Poetry Friday: Iowa Farmstead

Every so often I visit an abandoned farm near my house. Not much is left of it anymore, a decrepitude that is fairly common in Iowa after about 100 years of rural to urban migration, world commodity markets, and industrial agriculture. The “neighborhood” school in my township once had 80 kids attending; now it’s closed. When I visit the farmstead, the traces of the lives that created that place are difficult to discern. So I wonder: What gets remembered? What gets forgotten? What should be?

Poetry_FridayIt’s the end of another school year. I reflect on my own teaching work as if I were a farmer at the end of the harvest. What took root in the fields this year? Where did weeds encroach? And I think about how each year my most sincere goal isn’t so much to be remembered as to be good mulch for the next crop of years my students will plant.

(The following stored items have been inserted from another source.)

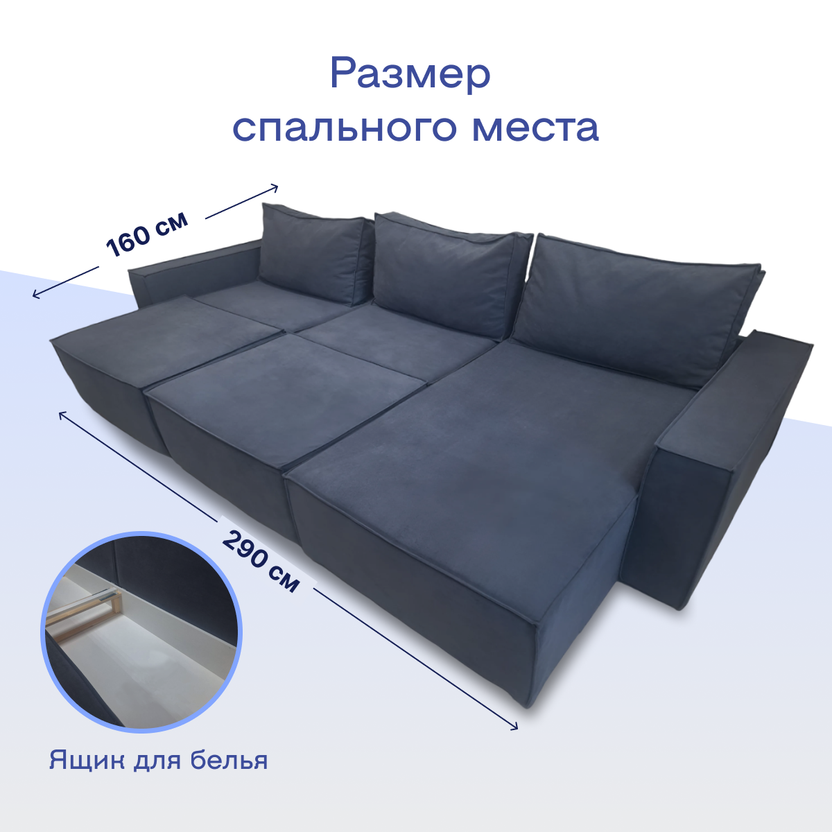 | Особенности | модульный, пружинный блок, раскладная конструкция, с подлокотниками, съемные подушки, ящик для белья |
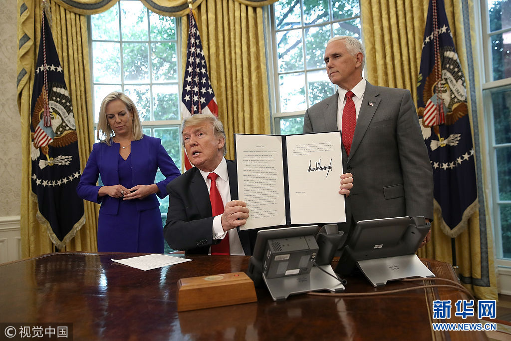 6月20日,美國華盛頓,美國總統(tǒng)特朗普撤回了此前為打擊非法移民,進(jìn)而導(dǎo)致大批兒童與父母強(qiáng)制分離的“零容忍”政策。(圖片來源:視覺中國)
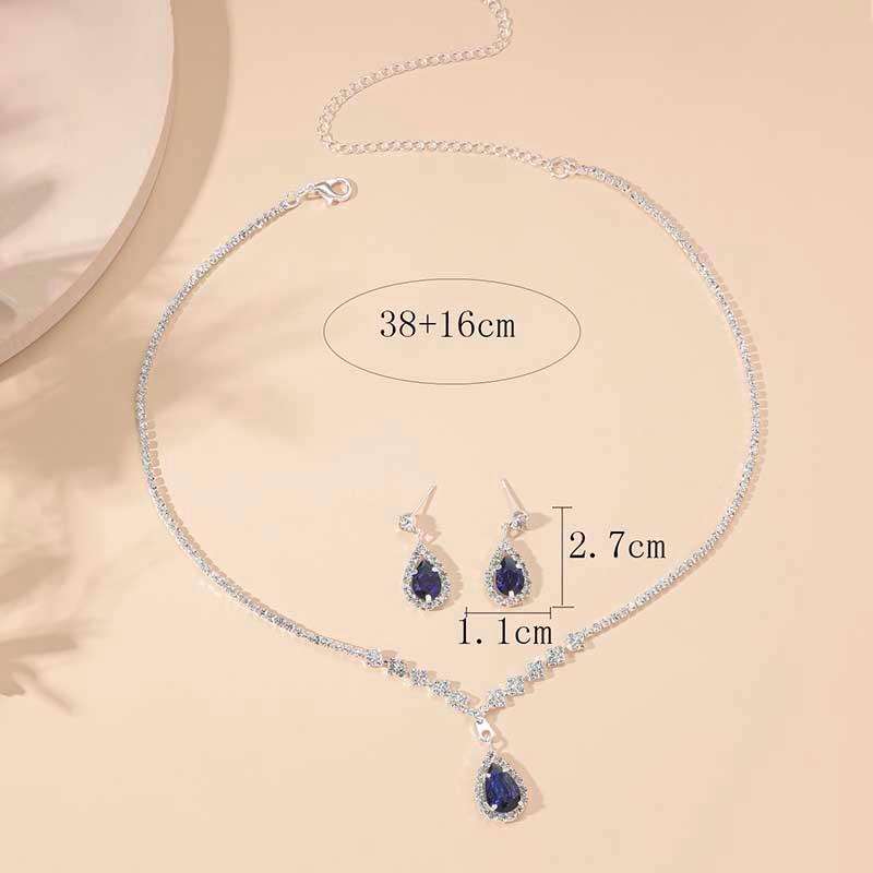 Elegant Ferroalloy Plating Inlay Zircon Silver Plated Women's Earrings Necklace Set
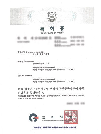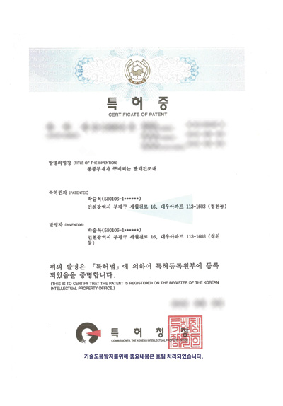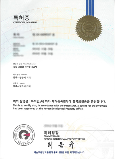 [특허증] 음이온 발생 램프와 모기퇴치용 램프가 설치된 전자동 리모콘 빨래건조대
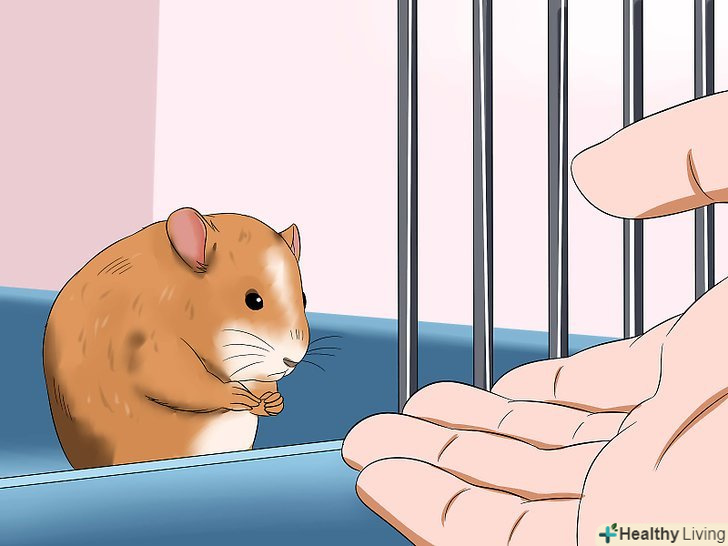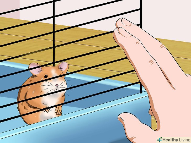 Привчіть хом'ячка до рук. Хом'ячок почне довіряти вам, коли зрозуміє, що ваші руки не заподіють йому ніякої шкоди. Повільно опустіть чисту руку на дно клітки з хом'ячком. Дозвольте йому нюхати її, щоб вивчити. [20]- Не дивуйтеся, якщо хом'ячок втече і сховається, коли ваша рука опиниться у нього в клітці. З його точки зору (як об'єкт полювання хижаків), ваша рука може нагадувати велику птицю, що пікірує вниз, щоб схопити звірка. [21]
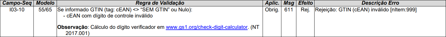 Uma empresa emite uma NF-e e, ao preencher o campo de código de barras de um produto, informa o valor 123456789. Como esse código possui 9 dígitos e o GTIN só é aceito com 8, 12, 13 ou 14 dígitos, a SEFAZ rejeita a nota com o motivo 611 – GTIN (cEAN) inválido.
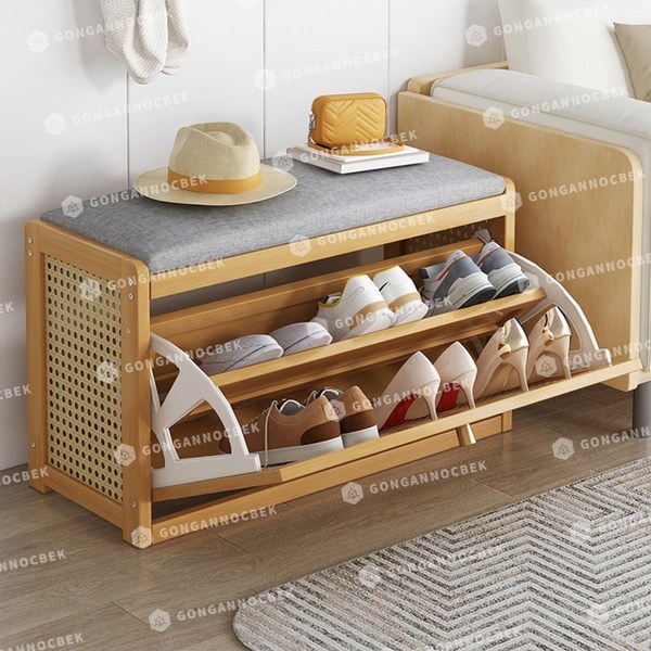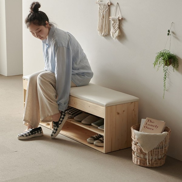 10번: JS리빙 아파트 좁은 현관 벤치 신발장 정리대 간이 선반 조립식 신발정리대 수납 틈새 미니 슈즈렉 보관 이동식 수납장 대형 신발 정리함 [interior @032571B03A], 원목벤치의자[중량 약3.2kg]

For more Poetry Friday poems, please visit Betsy at Teaching Young Writers.

Iowa Farmstead

Near where the house once stood
unruly lilacs bloom again this May,

song sparrows weave
a nest in thicket branches.

A limestone foundation. A gaping threshold.
A child’s red boot. The ghost of goats.

Where yard chickens scratched, pasture
grass yields to the south wind,

side-steps, springs erect. A horde of nettles
gather on a hummock forked from the barn.

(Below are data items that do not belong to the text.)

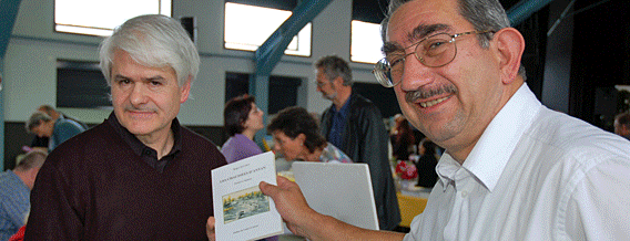 Parmi les invités, on n’oubliera pas de signaler aussi la présence du talentueux poète et troubadour languedocien Claude Marti, chantre de la terre occitane, avec le peintre Paul Moscovino, illustrateur de son dernier ouvrage.
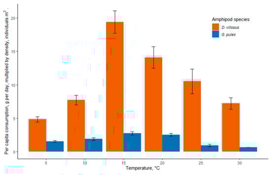 Relative impact potential of Dikerogammarus villosus and Gammarus pulex at different temperatures calculated by multiplying per capita consumption of leaf detritus by amphipod density at field locations. Error bars represent ± 1 standard error.
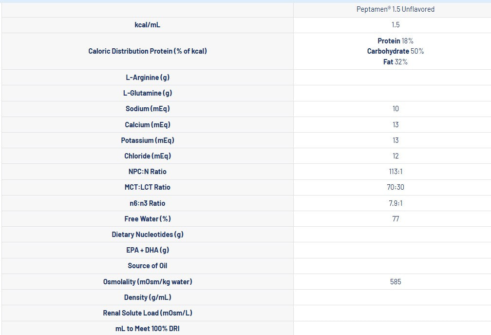 Answer: Tube Feeding Formula Peptamen 1.5 Unflavored Liquid 1000 mL Ready to Hang Prefilled Container,Packaging Type- Each is an enteral nutrition formula for tube feeding as described in the product details.
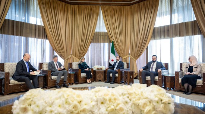 وأكد الوفد الأوروبي، برئاسة روزا ماريا غيلي مديرة مديرية الشرق الأوسط وشمال أفريقيا في دائرة العمل الخارجي الأوروبي، استمرار دعم الاتحاد الأوروبي لجهود الحكومة السورية، مع توقع رفع مستوى التمثيل الدبلوماسي لبعثته في دمشق قريبا، والعمل على إعادة تفعيل الاتفاقيات السابقة ورفع التجميد عن بعض بنودها تدريجيا.
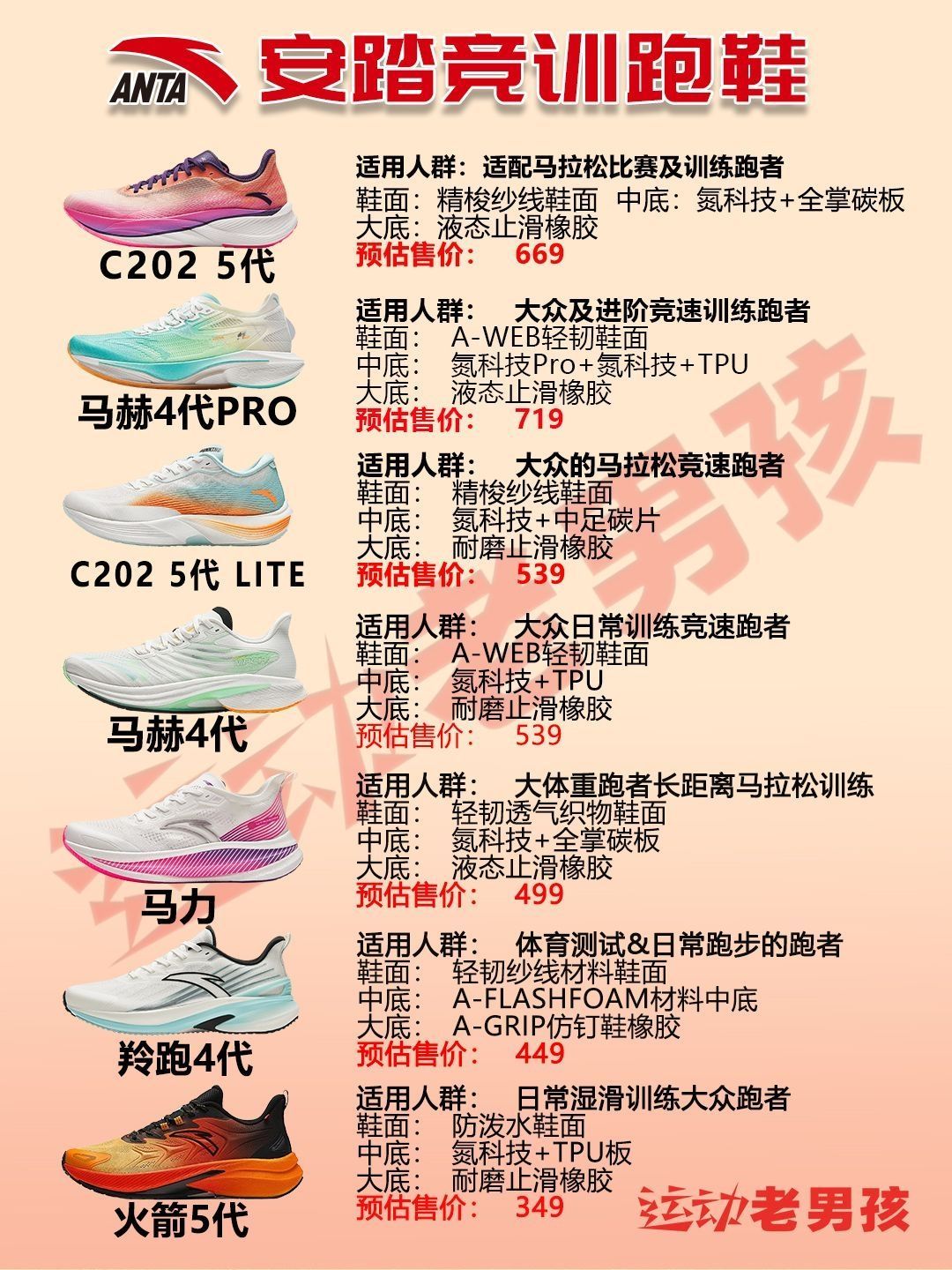 ⭐以上就是整理安踏跑鞋矩阵分享,其部分可能有误,如果大家有详细资料,可以写在在评论区,一起分享!
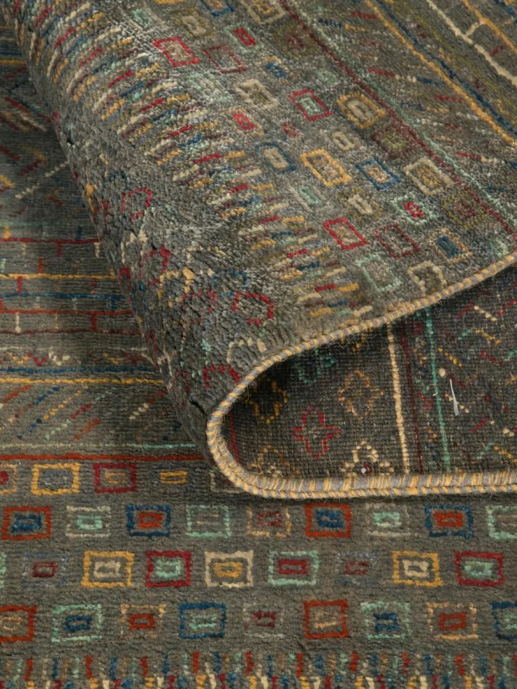 ist eine ungewöhnliche moderne Variation des traditionellen persichen Gabbehs. Er ist kürzer im Flor und feiner geknüpft. Es gibt zahllose Neukreationen in individuellen und einzigartigen Farben und Mustern.| Gesamthöhe: | ca. 7 mm |

Fitted by worn hands to shelter cows,
mossy plinths bear up an immense sky,

a veiled hope,
the remains of the day.

© Steve Peterson

Here’s a short video of the lilacs in the wind.

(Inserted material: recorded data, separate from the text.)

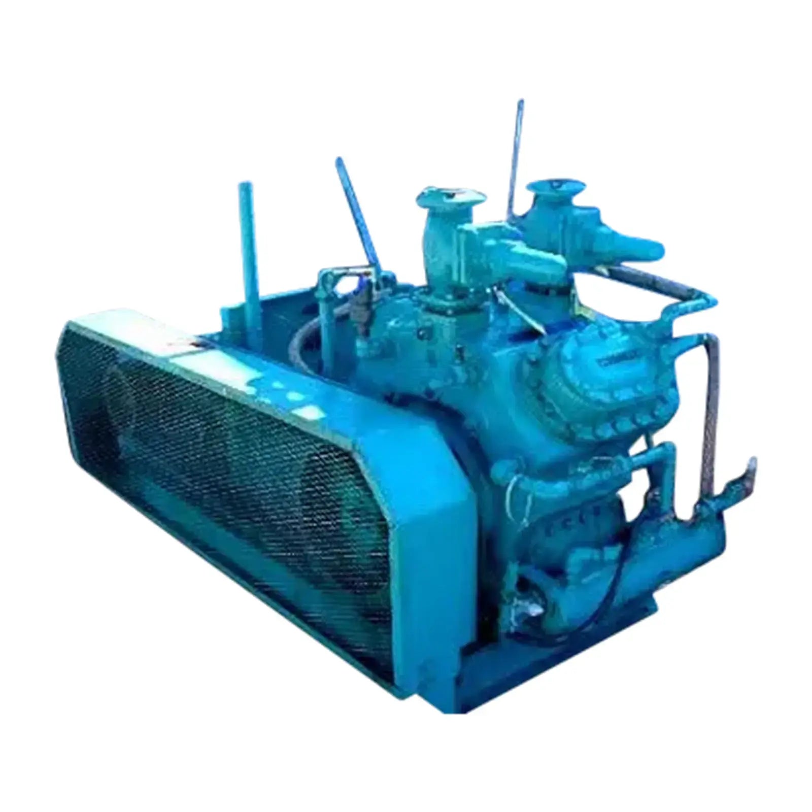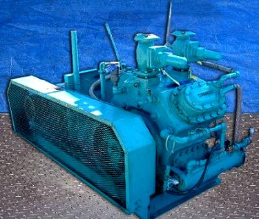 Mycom Cimco C5-WO4A 4-Cylinder Reciprocating Compressor. Model: C5-WO4A. This is the same compressor as the model N4A. Refrigerant: last used with R-717 (ammonia). Nominal capacity: 29.2 tons at 32.5 bhp with a 95ºF condensing temperature and 20ºF suction temperature. Displacement: 110 cfm. Max speed: 1,450 rpm. Bore: 3-3/4 in. Stroke: 3 in. Hydrostatic test pressure (hi/lo): 450/300 psig. Air test pressure (hi/lo): 300/180 psig. Water cooled oil heads and oil cooler. U. S. Electrical motor, 25 hp, 1775 rpm, 575 V, 24 amps, 60 Hz, 3 phase. Inlet: 2-1/4 in. dia. suction. Outlet: 2 in. dia. discharge. Approximate weight: 2,200 lbs. Overall dimensions 6 ft. 9 in. L x 3 ft. 2 in. W x 4 ft. 2 in. H. (ACN166-BC/M).
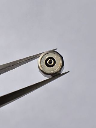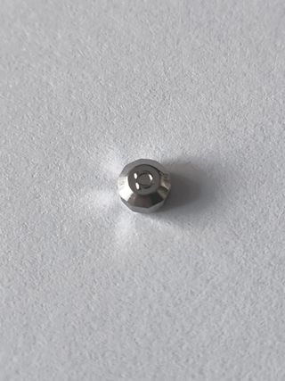 Pieza de repuesto plateada de la marca Omega. - Diámetro 5,05mm - tubo 2,00mm -Tija 0,90mm - Diseño facetado. - Acabado metálico.
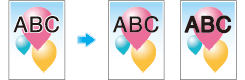 Configure the [Black Over Print:] setting to superimpose black color on a neighboring color to print so as to prevent white space being generated around black characters or figures. You can select whether to print black only around the characters or around both characters and figures.
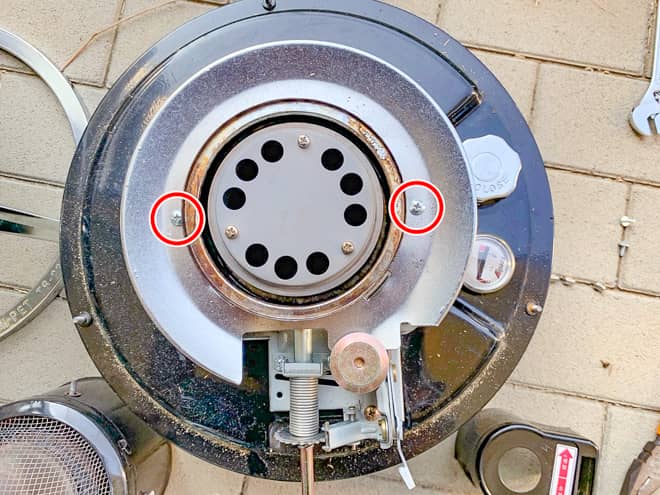 燃焼筒の周りにあるカバーのネジ2つを外します。このネジは耐震装置カバーのネジと共通です。

8 thoughts on “Poetry Friday: Iowa Farmstead

  1. YES. Mulch is the perfect metaphor. I am having many of those same thoughts right now, as we’re ending our school year, too. Thank you for this.

    • Thanks for stopping by, Ruth. Yes, the mulch thing seems like the way that makes sense to me, providing nutrients but then disappearing, too. Whatever good happens in the classroom this year I want to truly become the children’s.

      I hope your last few days with the kids are good ones! Enjoy them! 🙂

    • Thanks, Bridget! Not many people remember much about third grade, I imagine. Certainly I don’t remember much! Perhaps that is as it should be?

      And about the vacation…that’s why it took me so long to reply to your comment. I have been hiking in northern Minnesota! What fun. Have a wonderful summer, too.

  2. What a beautiful post and poem. I love the idea of teaching as farming and wanting to be good mulch. In light of your post I couldn’t help but think of the unruly lilacs as students. I could point out many words and lines in your poem that touched me but I confess I have a special soft spot for the ghosts of goats.

    • Thank you, Liz. Yes, sometimes the unruly lilacs COULD be students! Ha! Or their teacher? 🙂

      Seriously, though, the farmstead really does get me thinking about how, as we live our lives, we leave traces of ourselves behind, sometimes so faint as to be almost unrecognizable, sometimes stronger and clearer.

      Thanks for reading and offering a comment. Best to you!